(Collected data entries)
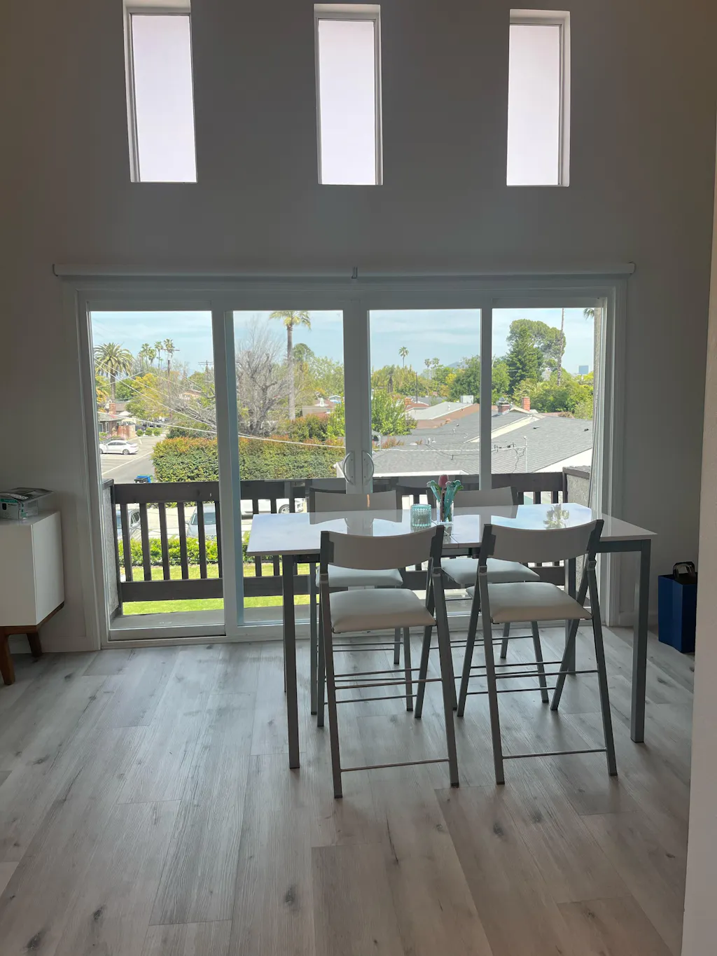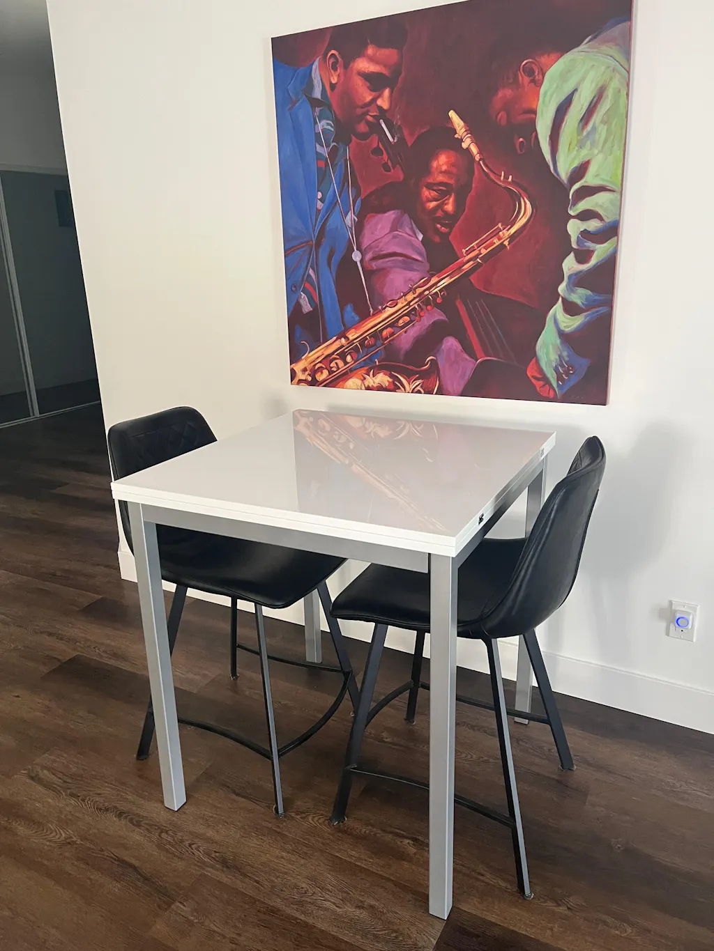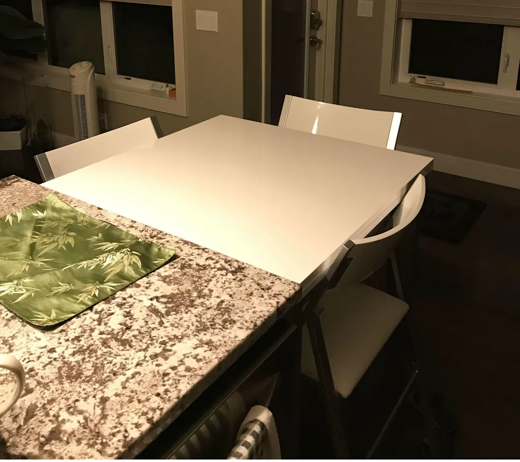 The Echo Counter Height Transforming Table measures 31 inches in width and in its full open state it measures 62 inches. Accommodating 2 to 8 guests depending on your setting or needs.
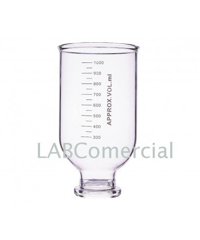 Graduated glass funnel of 1000 ml capacity to compose a filtration equipment or vacuum manifolds for membrane filters of 47 mm diameter.
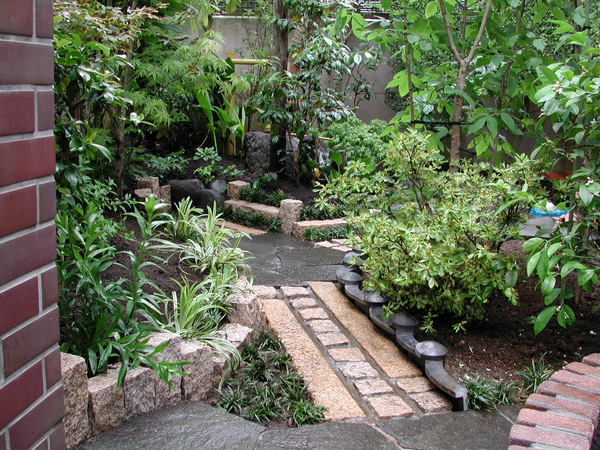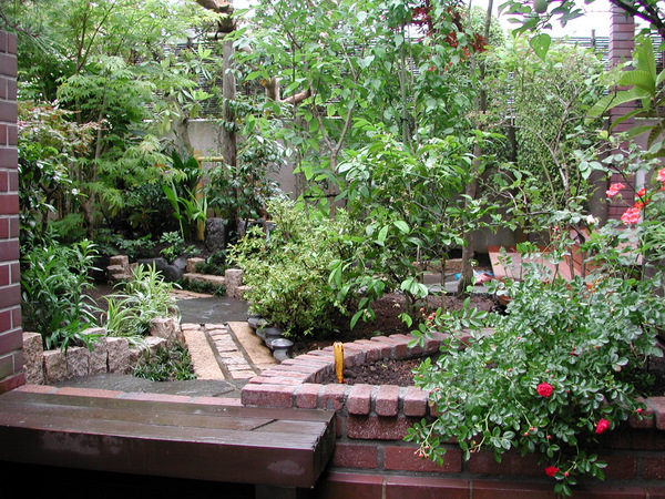 瓦の土留め[施工後]小道の脇の土留めには瓦を用いてアクセントを付けています。 -
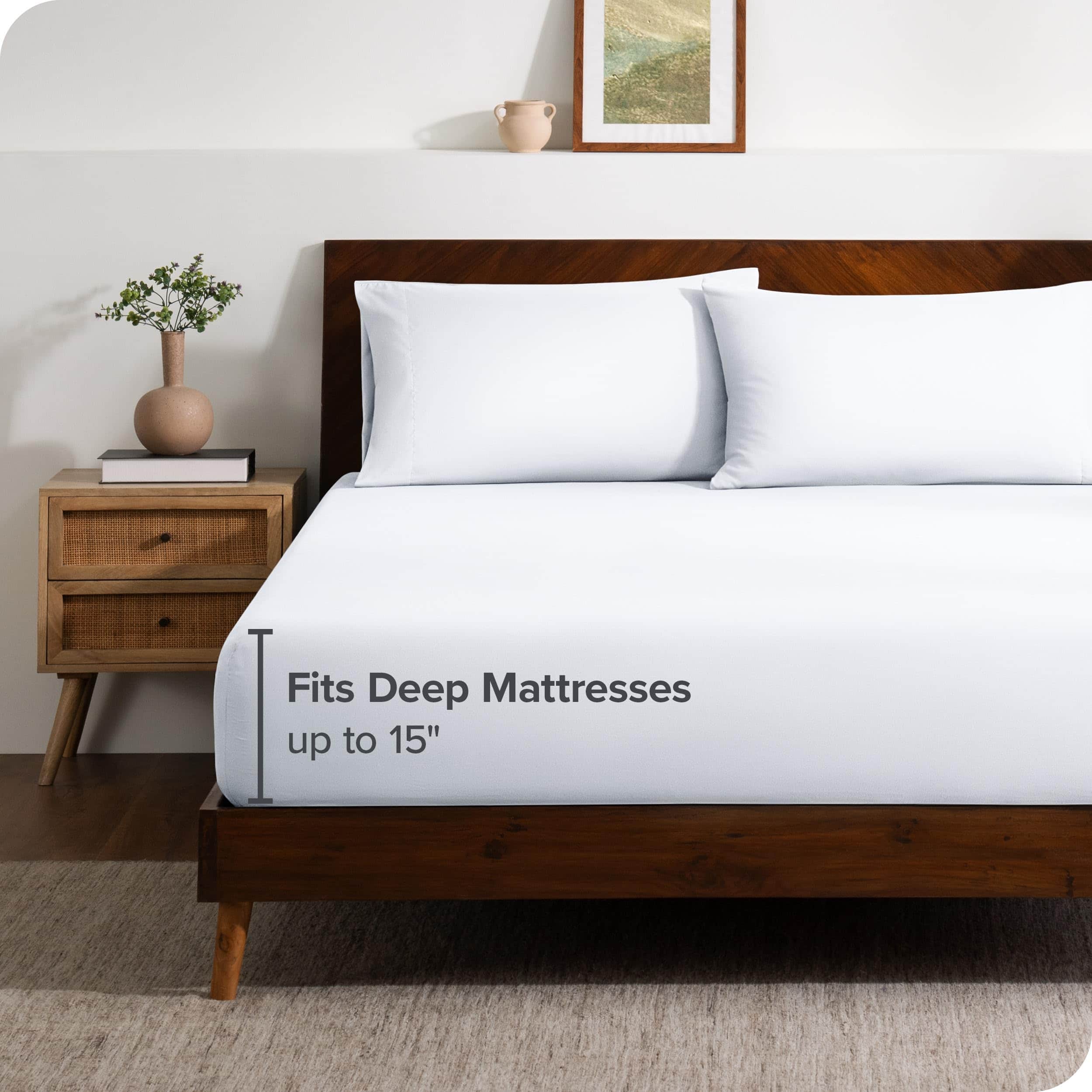 Juego de Sábana Ajustable + Fundas de Almohada -Blanco
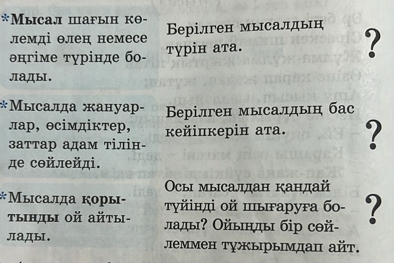 Дескриптор: Мысалдың түрлеріне оқыған мәтінді сәйкестендіреді-1б
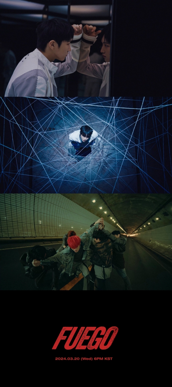 공개된 영상에는 끝이 보이지 않는 터널과 차가운 거울로 온통 둘러싸인 벽, 몸을 움직이지 못하게 옭아맨 줄 틈, 두 걸음을 채 걷지 못하는 좁은 방 등에 갇혀 혼란을 겪는 멤버들의 모습이 담겼다. 이어 강렬한 비트와 사이렌 소리로 귀를 자극하다 'FUEGO'라는 가사가 터져 나오자, 여섯 명의 멤버는 각자를 고통스럽게 하던 공간을 벗어나 한 데 모여 다음 스텝을 준비하는 듯 보인다.
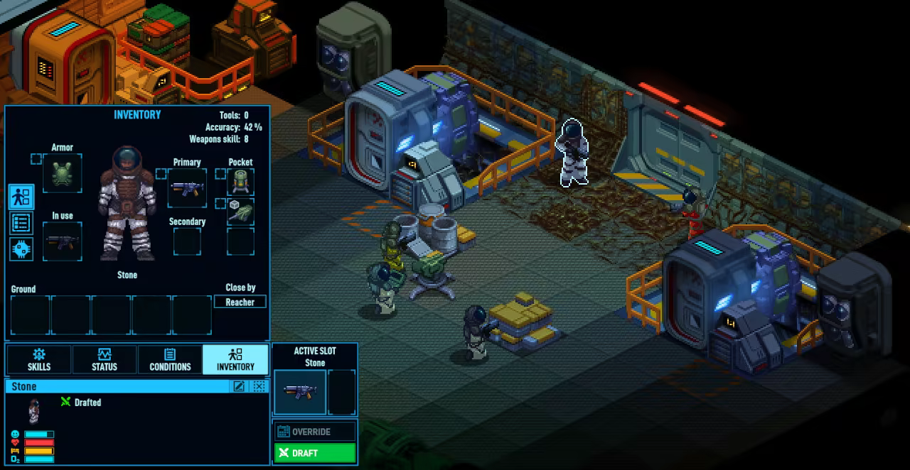 Навыки и черты характера: каждый член команды обладает рядом навыков и особенностей. Слабак может побояться выстрелить, а человек с железным желудком переварит что угодно без каких-либо последствий.
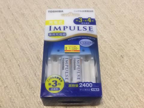 そこでたまには他のブランドの製品を使ってみようと思い、少しだけ安くなっていたTOSHIBA IMPULSEの単3型高容量タイプ(2,400mAh)を買ってみることにしました。この容量はeneloop pro(2,450mAh)対抗ということになり、少し標準型のeneloopとは性格が違う製品というべきものです。
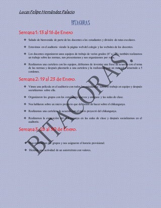 El documento resume las actividades realizadas por Lucas Felipe Hernández Palacio durante las primeras 5 semanas del año escolar. En la primera semana, los estudiantes recibieron la bienvenida de los docentes y se organizaron en equipos de trabajo. En la segunda semana, vieron una película sobre el trabajo en equipo y realizaron un microproyecto sobre el chikungunya. En la tercera semana, se les asignó un horario provisional y hicieron un autorretrato con valores. En la cuarta semana, hicieron una actividad de integración y reestruct
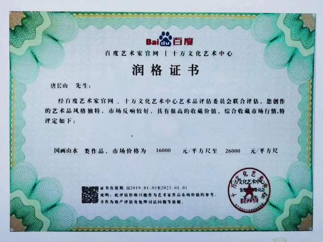 唐长山,职业画家,毕业于中国人民解放军艺术学院,进修于北京中国画山水高研班,中国美术家协会会员,国家级高级油画师、北京名家画院理事、北京时代金城书画院院士、山东儒家画院副院长、中国教育电视《水墨丹青栏目组》水墨丹青书画院会员、中国教育部关工教授于“德艺双馨”艺术家称号。
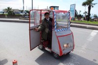 zorlanan 83 yaşındaki Bayrak Tekce, Antalya' dan aldığı akülü arabasının üstüne
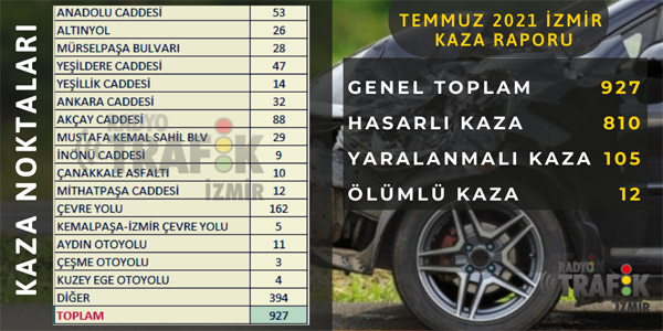 Radyo Trafik İzmir, yaklaşık 3 yıldır İzmir trafiğinin nabzını tutuyor. Haber merkezimize ulaşan bilgilere göre, İzmir’de ana yollarda Temmuz ayı içerisinde 927 trafik kazası meydana geldi. Bu kazalardan 810’u hasarlı, 105’i yaralanmalıydı. 12 kaza ise ölümlü olarak kayıtlara geçti.
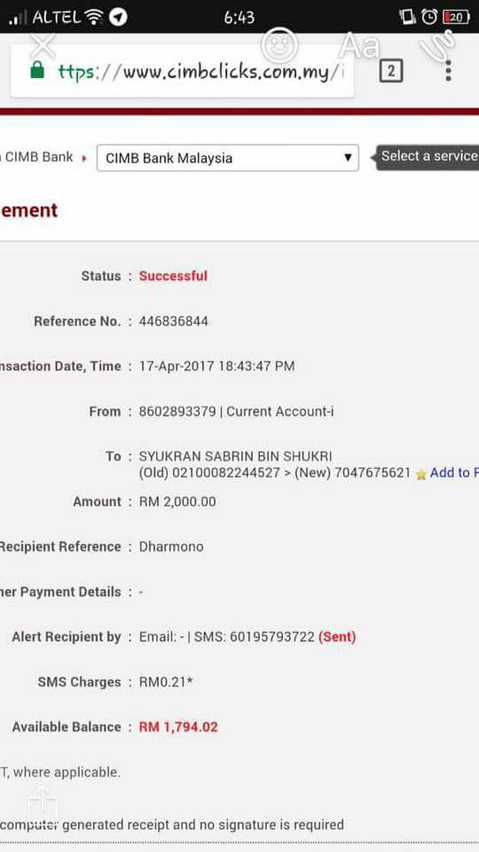 "Hasil siasatan saya sendiri, dia menggunakan gambar orang lain dan menyamar menjadi Chinta Chanduri dan Syarifah Syakilla dengan menagih simpati orang kononnya dia janda anak satu, bercerai sebab dipukul suami.
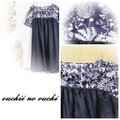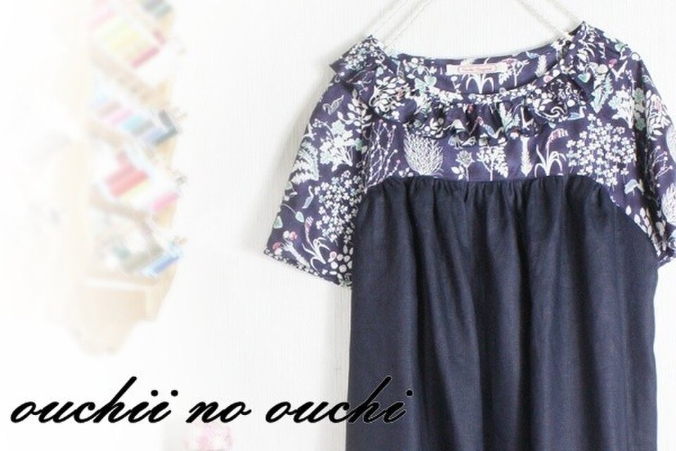 しっとりリネン100ネイビーとリバティタナローンヨシエ通常サイズネイビー系 でお作りしましたヨーク切り替えドルマンスリーブのチュニックワンピース巻きロックフリル仕上げです。

> _WORK INSTRUCTIONS_
Lines from the one containing "sebab dipukul suami." through the end of the entries above, both included, are to be written out exactly; no pictures and no other lines.

> _TASK SOLUTION_
 "Hasil siasatan saya sendiri, dia menggunakan gambar orang lain dan menyamar menjadi Chinta Chanduri dan Syarifah Syakilla dengan menagih simpati orang kononnya dia janda anak satu, bercerai sebab dipukul suami.
 しっとりリネン100ネイビーとリバティタナローンヨシエ通常サイズネイビー系 でお作りしましたヨーク切り替えドルマンスリーブのチュニックワンピース巻きロックフリル仕上げです。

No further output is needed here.